HOLLYWOOD BOULEVARD tells the lurid story of Halliday, a washed-up and broken-down actor who has seen his day in Hollywood and now must swallow his pride and accept just about any role to keep his aged body and indomitable soul together. Gordon is a sleazy magazine publisher who offers Halliday

$25,000 if the actor will tell all and name names in his memoirs. Desperate, Halliday accepts. The first installment comes out and is, as might be imagined, a sensation. Halliday's family is appalled and wants to have nothing to do with him for besmirching the family name, and his daughter, Hunt,

begs him to stop the serialization of his book in the magazine. Told that he's signed a contract and there's no way out, she then pleads with Gordon, who refuses to let Halliday off the hook. Then Gordon tells Halliday that he had better complete those memoirs or he's going to make sure Halliday

never works again. Further, Halliday is in line to perform in a new movie and Gordon will make sure the job is not offered if the actor doesn't fulfill his contract obligations. Gordon and Halliday have an argument that erupts into a fight and culminates when Gordon shoots Halliday to death.

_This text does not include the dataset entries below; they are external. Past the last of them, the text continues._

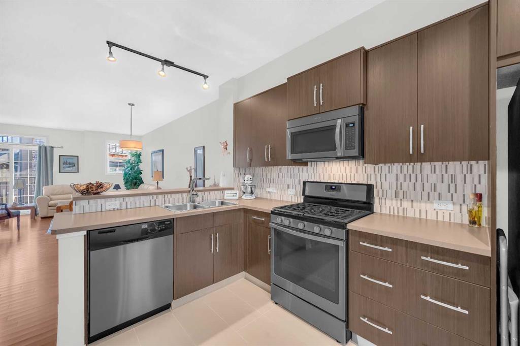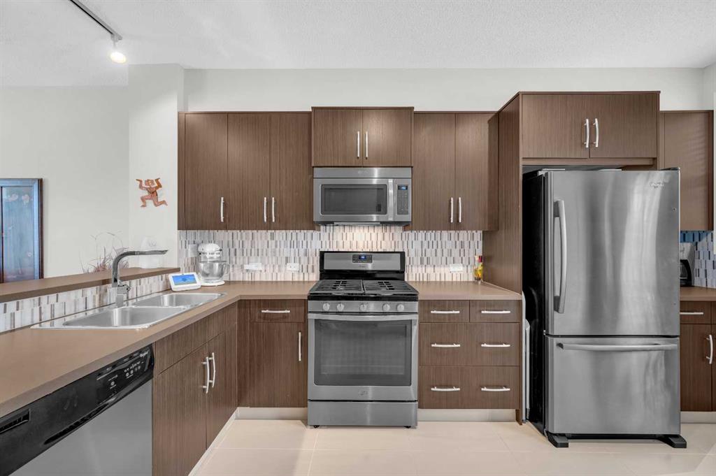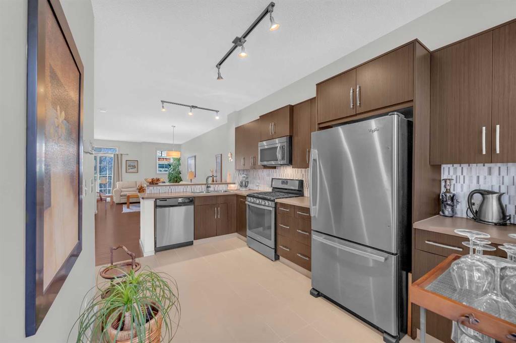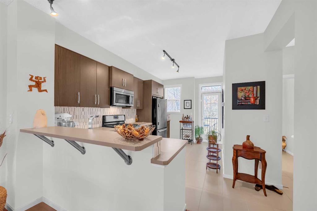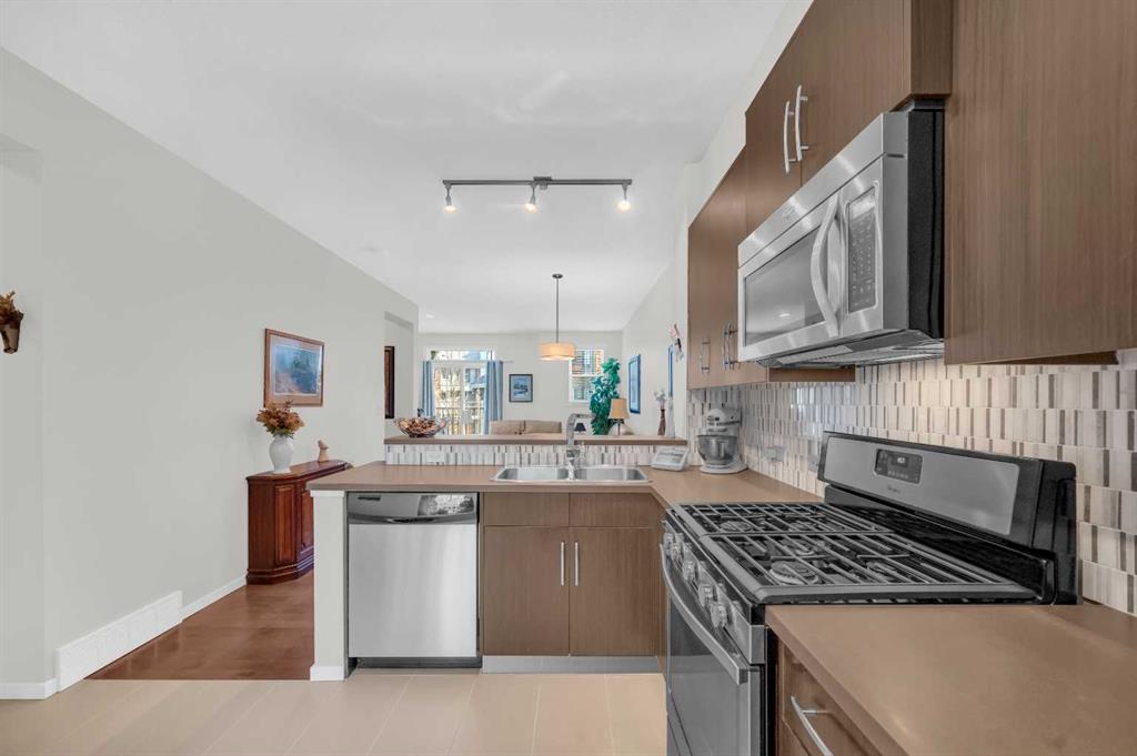 Welcome to this exquisite east-facing townhouse in Aspen Woods, one of the most desirable communities in Calgary. This property boasts extensive upgrades and one of the best features includes a Tandem double attached car garage, perfect for Alberta's cold, snowy winters, it will keep your car nice and warm. Its charming curb appeal is sure to captivate at first glance. Upon entering, you will be greeted by a bright, high ceilings and open layout concept. The well-designed living room seamlessly connects to the dining area and a stunning kitchen, which is equipped with high-end stainless steel appliances and laminated countertops. The second floor also includes a fire-place in the living room, convenient 2-piece bathroom, a decent-sized deck/balcony that faces the west, ensuring ample sunlight throughout the day and providing an ideal setting for evening BBQ gatherings with friends and family. The third floor comprises of TWO PRIMARY bedrooms with closets and ensuite 4-piece bathroom and an ensuite 3-piece bathroom. One of the most convenient features of the third floor is the laundry area, complete with a washer and dryer, eliminating the need to run up and down the stairs for laundry tasks. Notable upgrades include 9ft ceilings, hardwood flooring, tiles, stainless steel appliances, high-quality carpets, and an upgraded washer and dryer. The location of this townhouse is truly exceptional, being in close proximity to the mountains, a major highway Stoney Trail. It is also conveniently near a pond, children's parks, schools, bus stops, shopping complex, and various restaurants, all just a few minutes away. Do not hesitate; this townhouse is ready for you to move in.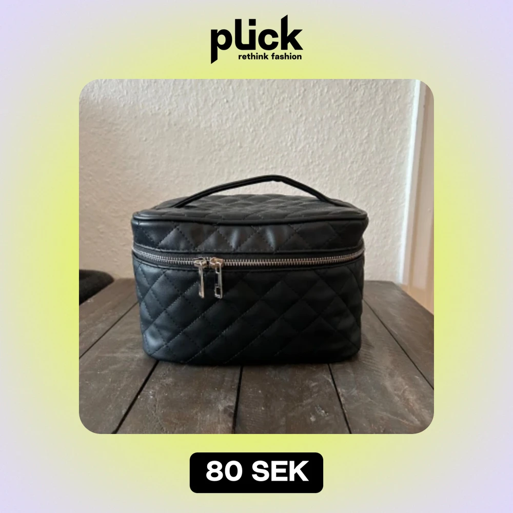 Säljer en snygg och praktisk svart quiltad necessär. Den har en dragkedja som går runt hela väskan och ett handtag upptill för enkel transport. Perfekt för att organisera dina toalettartiklar eller smink när du är på resande fot!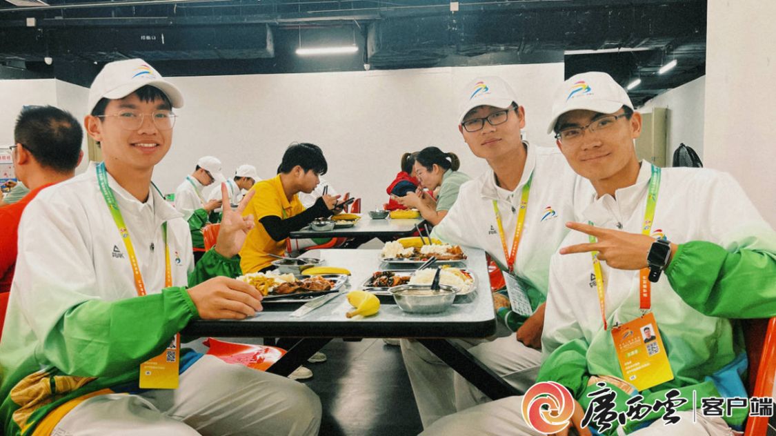 我们宿舍四位同学都在不同的岗位上,所以会经常分享在志愿服务过程中碰到的趣事。在开幕式排练工作中,我们经常感叹舞台的壮丽炫彩,每一次观看都是不同的感受,尽情地享受视觉盛宴。在运动员村中,舍友总是提起她们碰到了很多友善可爱的运动员,经常听到运动员夸赞广西人民的热情,也会分享一些美食给志愿者,非常能感受到她们的热情和朝气蓬勃。在非遗项目体验室中,运动员们都会耐心地听从指导。我们都在各自的岗位上发光发热,为学青会贡献出自己的一分力量。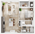 1BR/1BA - A2 - Plano 1 2 Dormitorios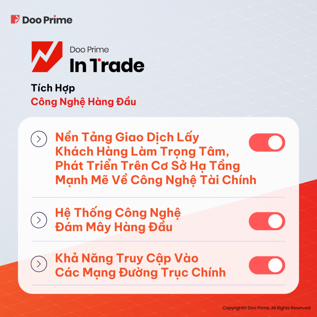 Doo Prime InTrade được phát triển với hệ thống cơ sở hạ tầng công nghệ tài chính đầy mạnh mẽ. Cụ thể, nền tảng và ứng dụng giao dịch dành cho thiết bị di động này được trang bị bởi công nghệ đám mây và hệ thống mạng hàng đầu. Đồng thời, Doo Prime InTrade còn cho phép người dùng truy cập vào các mạng đường trục chính trên toàn cầu, từ đó cung cấp cho người dùng một môi trường giao dịch ổn định và đáng tin cậy.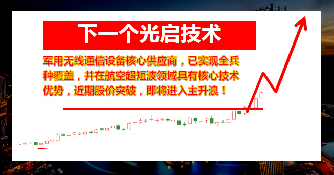 我们根据基本面筛选,挖掘了一只基本和背景与光启技术非常类似的标的,图形上看,正在进行突破,有极大可能会去复制成为【下一个光启技术】值得我们重点关注。投资者朋友们可以加微信:apple88ee 回复【潜力牛股】 免费领取。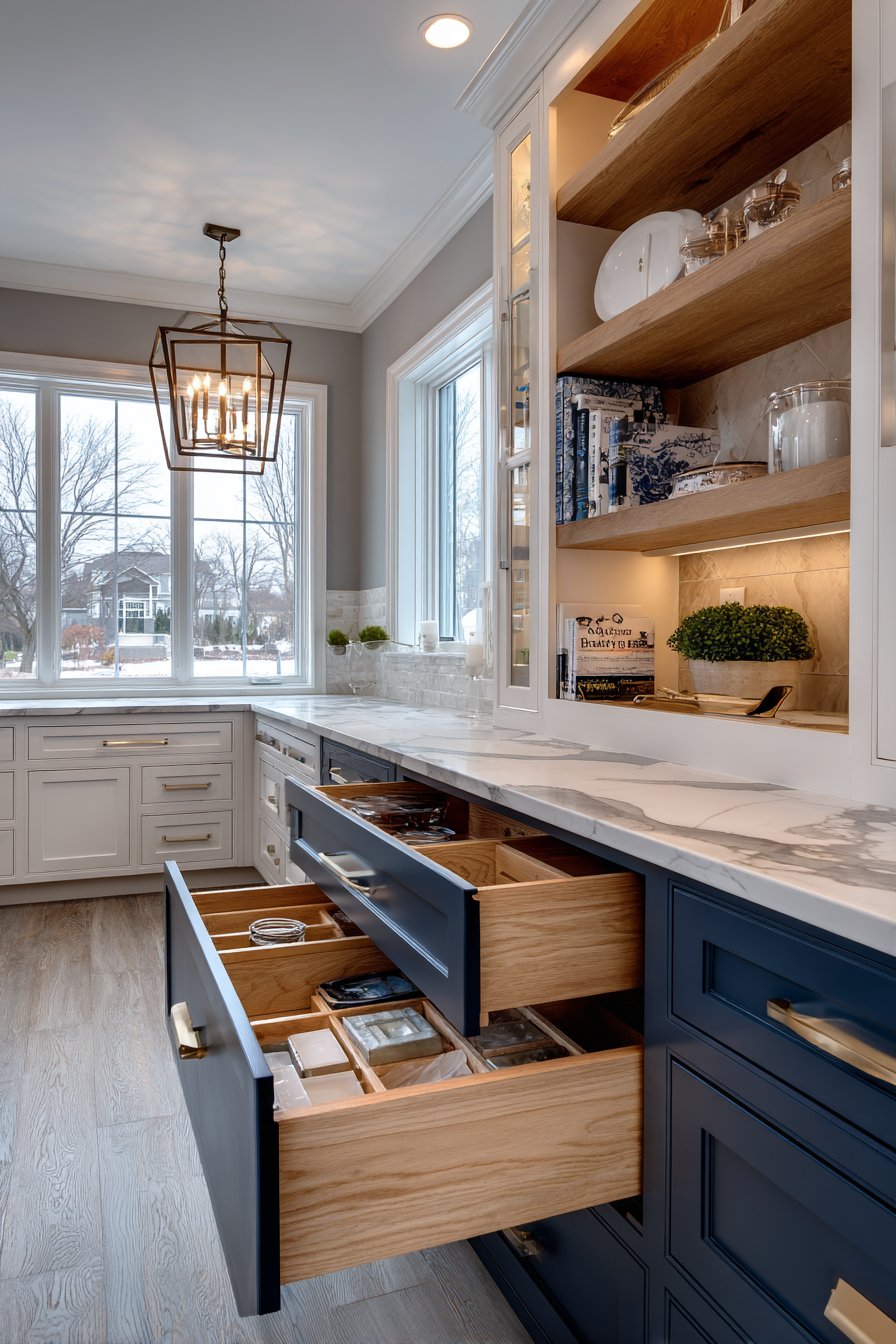 An open middle section displays cookbooks and decorative serving pieces. Natural oak shelving provides warmth between the painted surfaces. Drawer organizers visible in partially opened drawers demonstrate systematic utensil storage. This transparency showcases the thoughtful organization within.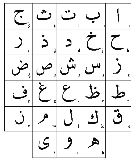 ا ب ت ث ج ح خ د ذ ر ز س ش ص ض ط ظ ع غ ف ق ك ل م ن ه و ي ة ء أ إ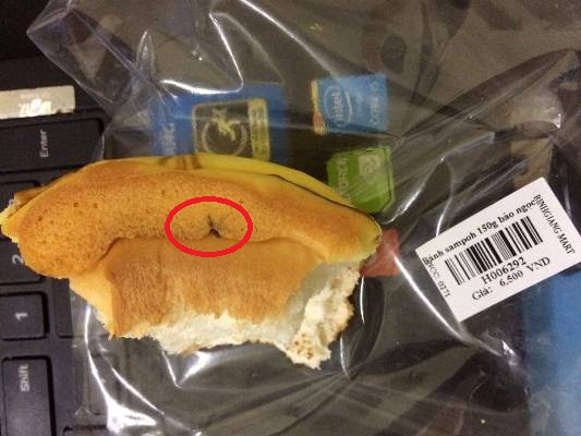 Trước đó, Sức khoẻ & Môi trường điện tử nhận được phản ánh của anh Hoàng C..Theo đó, khi anh C. đang ăn chiếc bánh ngọt mang nhãn “Bánh Sampoh - 150g Bảo Ngọc” được mua tại siêu thị Bình Giang thì phát hiện dị vật gắn liền trong mẩu bánh. Nhìn bằng mắt thường dị vật giống con muỗi.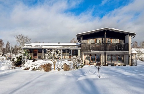 Here we are talking about a large vacation home which offers you a very characteristic interior. Here you will find a living room with library feeling and fireplace, eye-catching interior and all together a charming extraordinary interior. The large winter garden also invites you to long evenings throughout the year. For the final relaxation you also have access to a sauna.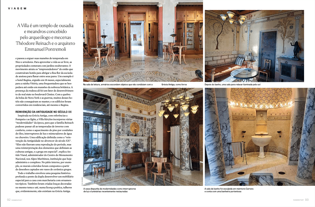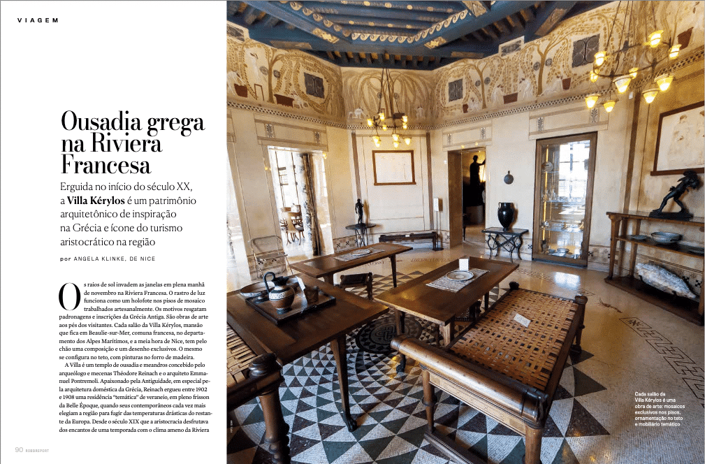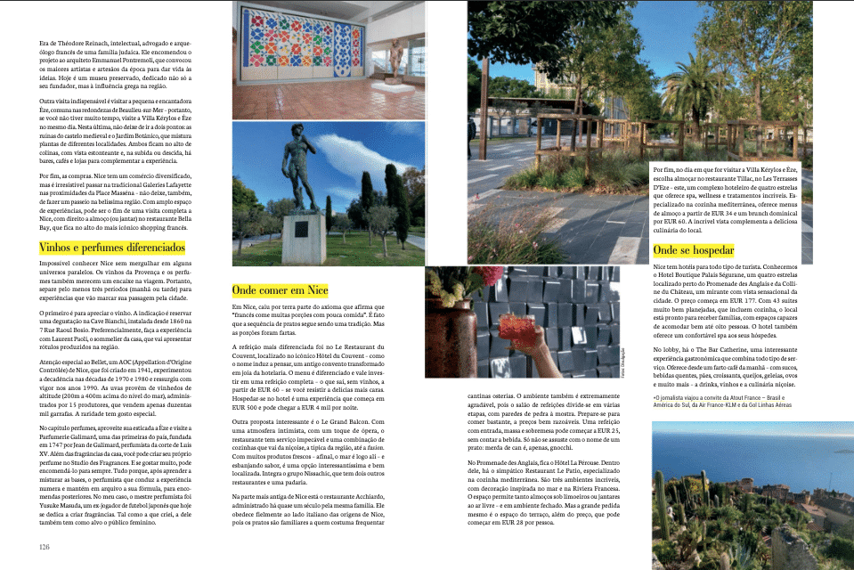 Sur 6 pages, l’article print a principalement mis en avant l’histoire et le charme de la Villa Kérylos, joyau de la Belle Époque, et évoqué l’accessibilité de Nice depuis Paris, son patrimoine culturel et touristique, récompensé par une inscription au patrimoine mondial par l’Unesco.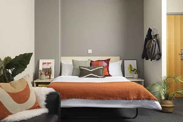 Non-ensuite rooms are budget-friendly, offering a private bedroom with shared bathroom, kitchen, and living areas. These Leeds accommodations are ideal for students looking to get a personal space for sleeping and studying without high costs. This setup fosters a social atmosphere while remaining affordable, a good fit for students who prioritise budget over full privacy.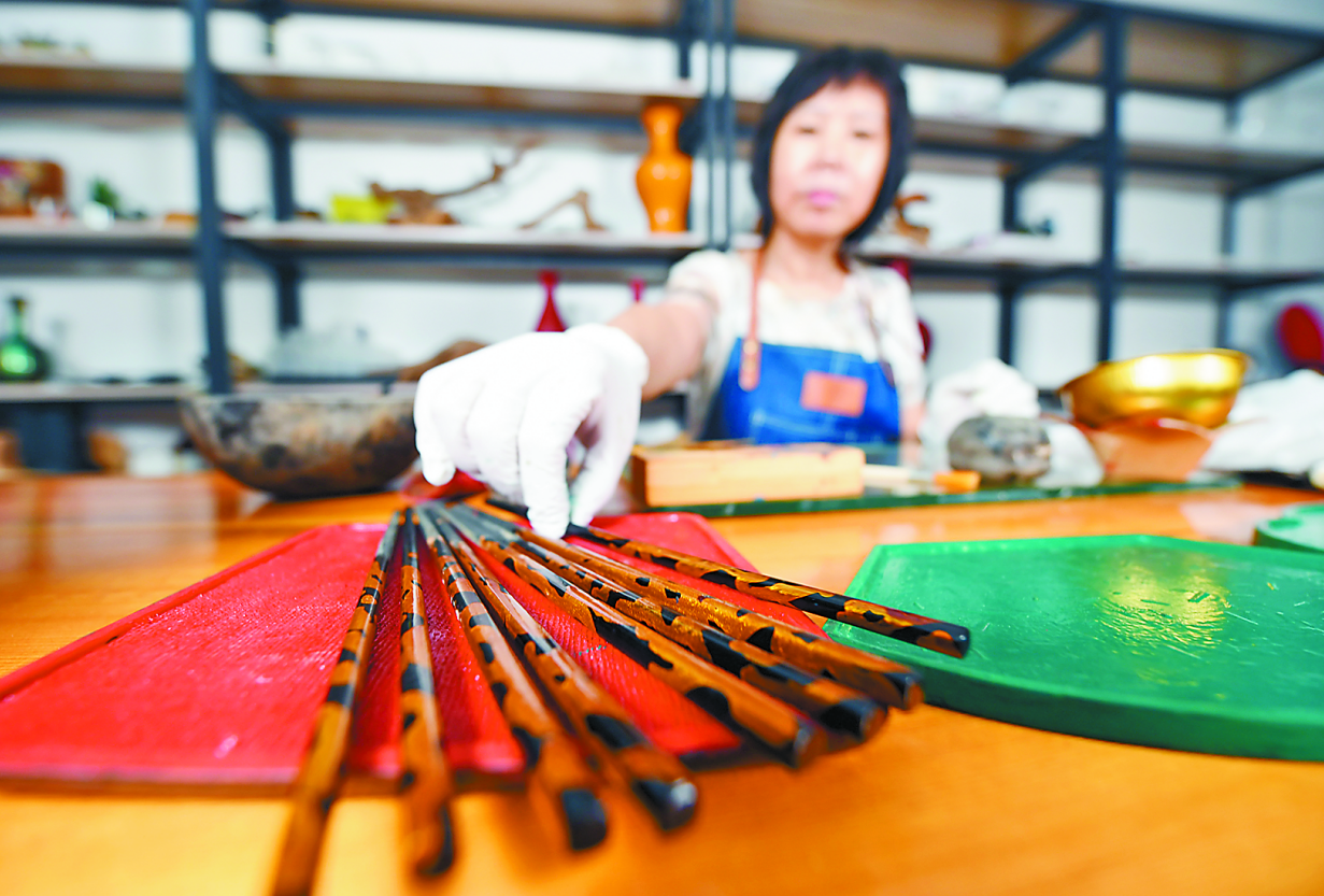 南尖塔镇南甸村省级非遗传承人许晓芳加工半成品筷子。通讯员 孙宝宇 摄
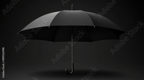 Modern Realistic Mockup of Black Automatic Umbrella with Metal Handle for Rain Protection in Spring, Autumn, or Monsoon Season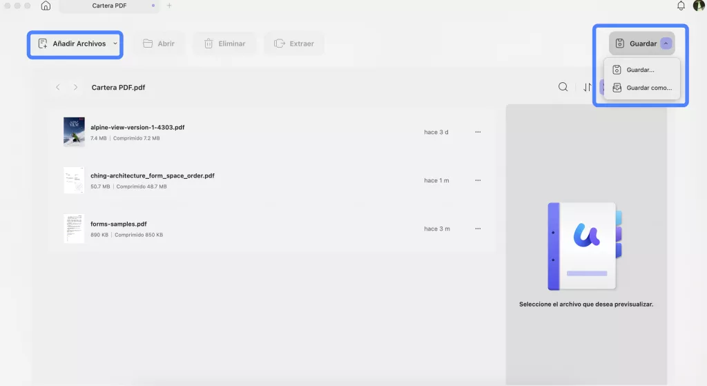 En la interfaz del portafolio PDF, haga clic en el botón "+ Añadir archivos" situado en la parte izquierda de la barra de herramientas. Seleccione los archivos que desea incluir. A continuación, haga clic en Guardar para finalizar y almacenar su portafolio PDF.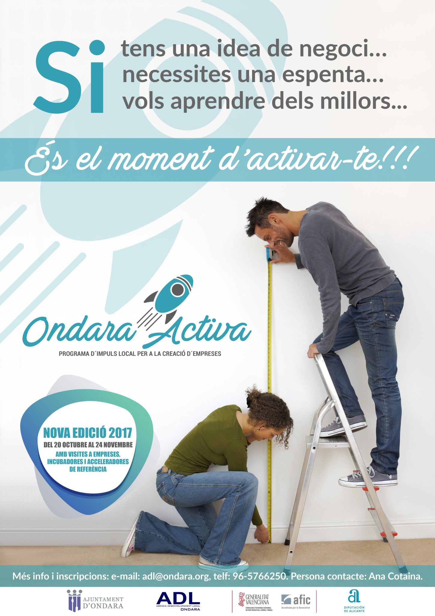 Más información y bases de la convocatoria: http://laveu.ondara.org/2017/09/06/ondara-llanca-la-segona-edicio-ondara-activa-de-suport-als-emprenedors-locals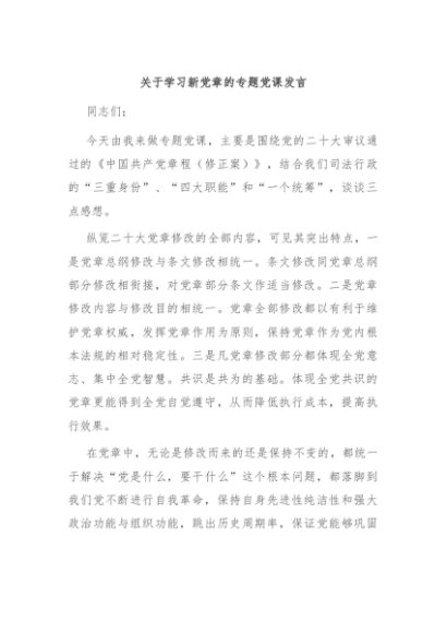 【七哥公文】2024年:关于学习新党章的专题党课发言+更多免费公文+VX:QiGeGongWen2024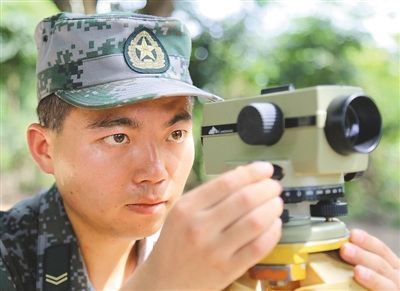 圖為何靜昆在訓(xùn)練使用測繪儀器。 高 攀攝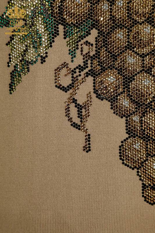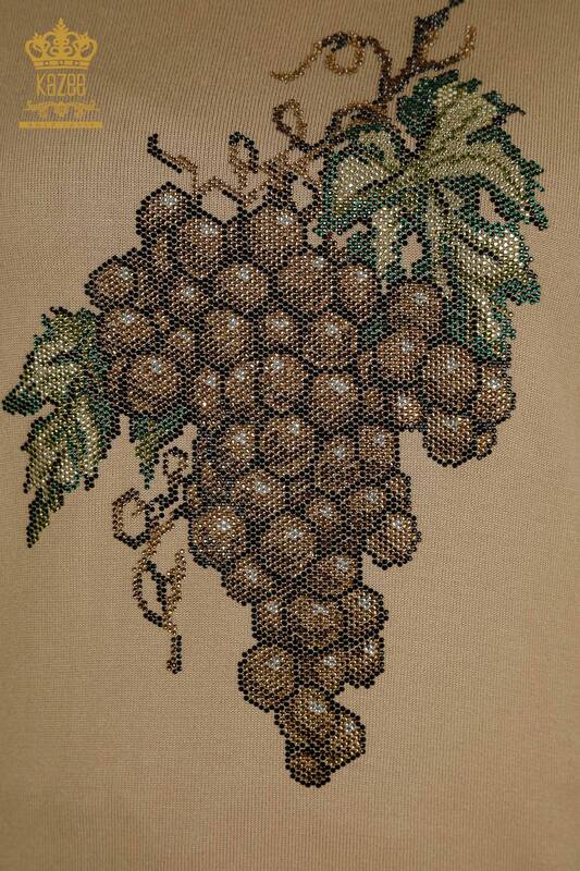 Vente en gros de tricots pour femmes pull raisin à motifs pierre brodée beige - 30488 | KAZÉE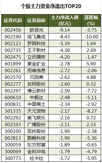 今日有2993只个股被主力资金净卖出,其中,69股被主力资金净卖出超1亿元。主力资金净流出最多的个股是欧菲光(002456),净流出金额为9.14亿元;主力资金净流出居前的个股还有成飞集成、梦网科技、王子新材(002735)、立讯精密(002475)、紫金矿业(601899)等,净流出金额分别为8.43亿元、5.39亿元、4.3亿元、4.2亿元、2.78亿元。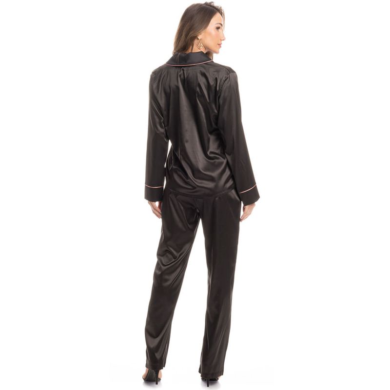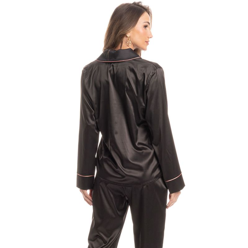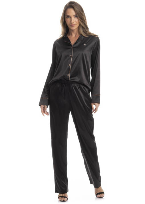 Pijama Feminino Longo Americano Cortiça é a elegância que você procurava! Sua blusa abotoada manga longa conta com acabamento em vivo contrastante aplicado em toda a abertura, gola e mangas, além do logo Daniela Tombini bordado na lateral esquerda da blusa, proporcionando ainda mais charme para a peça. Sua calça em modelagem confortável, possui elástico macio no cós, para melhor conforto em suas horas de descanso. A escolha perfeita para você aproveitar a melhor estação do ano!

Police suspect that Hunt killed her own father, but that is quickly disproved when Cummings, Hunt's boyish fiance, exhibits his cleverness and realizes that the dictaphone machine in Gordon's office had been on. When he plays back the recording, Hunt is cleared of Halliday's death and Gordon is

arrested. Without the cameos by Bushman, Marsh, Cooper, et al., this would have little interest, being less an expose of Hollywood ways than a standard blackmail tale. But it gave a lot of the old-timers some work at a time when the silent stars of old were probably having the same kind of

financial trouble as Halliday's character was having in the story. Of special interest are actual shots showing actual Hollywood hotspots of the era--Cinegrill, Sardi's, Vendome. Many of the silent screen personalities are shown briefly enacting or directing movie scenes on studio lots and inside

sound stages at Paramount, a device later used in SUNSET BOULEVARD by the same studio.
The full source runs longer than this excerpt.